Make two graphs: a) the histogram for the annual maximum (pdf) b) the cumulative probability (cdf)

Show the code
fig, (ax1, ax2) = plt.subplots(2, 1, figsize=(10,8))

h=max_annual['PRCP'].values
ax1.hist(h, bins=np.arange(0,100,10), density=True)
ax2.hist(h, bins=np.arange(0,100,10), cumulative=1, density=True)

ax1.set(ylabel="pdf")
ax2.set(xlabel="annual daily precipitation maxima (mm)",
        ylabel="cdf",
        );

8.2 Weibull plotting position

How to make a cdf by yourself?

Show the code
# sort the annual daily precipitation maxima, from lowest to highest
max_annual['max_sorted'] = np.sort(max_annual['PRCP'])
# let's give it a name, h
h = max_annual['max_sorted'].values
# make an array "order" of size N=len(h), from 1 to N
N = len(h)
rank = np.arange(N) + 1
# make a new array, "rank"
cdf_weibull = rank / (N+1)

Plot it next to the cdf that pandas’ hist makes for you. What do you see?

Show the code
fig, ax = plt.subplots(figsize=(10,7))
ax.hist(h, bins=np.arange(0,100,10), cumulative=1, density=True, label="from 'hist'")
ax.plot(h, cdf_weibull, color="tab:orange", linewidth=3, label="our cdf")
ax.set_ylabel("cdf")
ax.set_xlabel("annual daily precipitation maxima (mm)")
ax.set_title("Eilat")
ax.legend()

The generalized extreme value distribution has 3 parameters: shape, location, scale.

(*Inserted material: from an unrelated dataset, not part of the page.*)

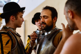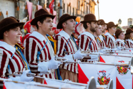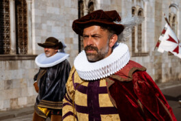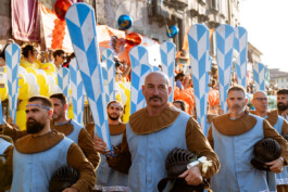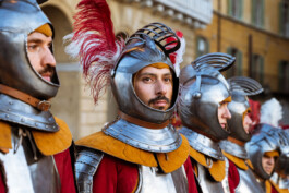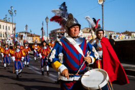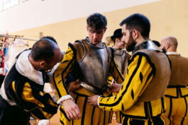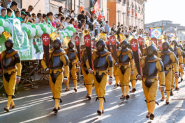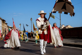 The Gioco del Ponte is an historical reenactment held every June in the town of Pisa (IT) on the Ponte di Mezzo, where the city’s two rival factions, Mezzogiorno and Tramontana, divided by the Arno River. The origins of the Game are linked to the Mazzascudo, an ancient military tournament established by the Republic of Pisa in the Middle Ages to train young men for war. In it, two factions (Gallo and Gazza), made up of armed companies, would engage in ritual combat using maces and shields. The armor was elaborate, and the goal was to conquer the opponent’s territory. Nowdays, the Gioco del Ponte is celebrated with a historical parade featuring over 700 participants, and a symbolic battle held on the Ponte di Mezzo, where the rival factions clash by pushing a cart.

Let’s get a “best fit” estimate of these parameters for Eilat’s rainfall statistics.

Show the code
params = genextreme.fit(h)
print("Best fit:")
print(f"shape = {params[0]:.2f}\nlocation = {params[1]:.2f}\nscale = {params[2]:.2f}")
Best fit:
shape = -0.42
location = 6.05
scale = 5.68

Let’s see the GEV distribution for these parameters

Show the code
fig, ax = plt.subplots(figsize=(10,7))
ax.hist(h, bins=np.arange(0,100,10), density=True, label="from 'hist'")
rain = np.arange(0,80)
pdf_rain = genextreme(c=params[0], loc=params[1], scale=params[2]).pdf(rain)
ax.plot(rain, pdf_rain, color="tab:orange", lw=3, label="gev fit")
ax.set_ylabel("pdf")
ax.set_xlabel("annual daily precipitation maxima (mm)")
ax.set_title("Eilat")
ax.legend()

We can do the same for the cdf…

Show the code
fig, ax = plt.subplots(figsize=(10,7))
ax.plot(h, cdf_weibull, color="tab:blue", linewidth=3, label="weibull cdf")
rain = np.arange(0,80)
cdf_rain = genextreme(c=params[0], loc=params[1], scale=params[2]).cdf(rain)
ax.plot(rain, cdf_rain, color="tab:orange", lw=3, label="gev fit")
ax.set_ylabel("cdf")
ax.set_xlabel("annual daily precipitation maxima (mm)")
ax.set_title("Eilat")
ax.legend()

We are almost there! Remember that the return time are given by:

T_r(x) = \frac{1}{1-F(x)},

where F is the cdf.

Survival = 1-F

The package that we are using, scipy.stats.genextreme has a method called isf, or inverse survival function, which is exactly what we want! In order to use it, you have to feed it a “quantile” q or probability. Suppose you want to know how strong is a 1 in a 100 year event, then your return period is 100 (years), and the probability is simply its inverse, 1/100.

cdf as we are use to
fig, ax = plt.subplots(figsize=(10,7))

T = 1 / (1-cdf_weibull)
ax.plot(T, h, 'o', label="return time from data")

rain = np.arange(0,150)
cdf_rain = genextreme(c=params[0], loc=params[1], scale=params[2]).cdf(rain)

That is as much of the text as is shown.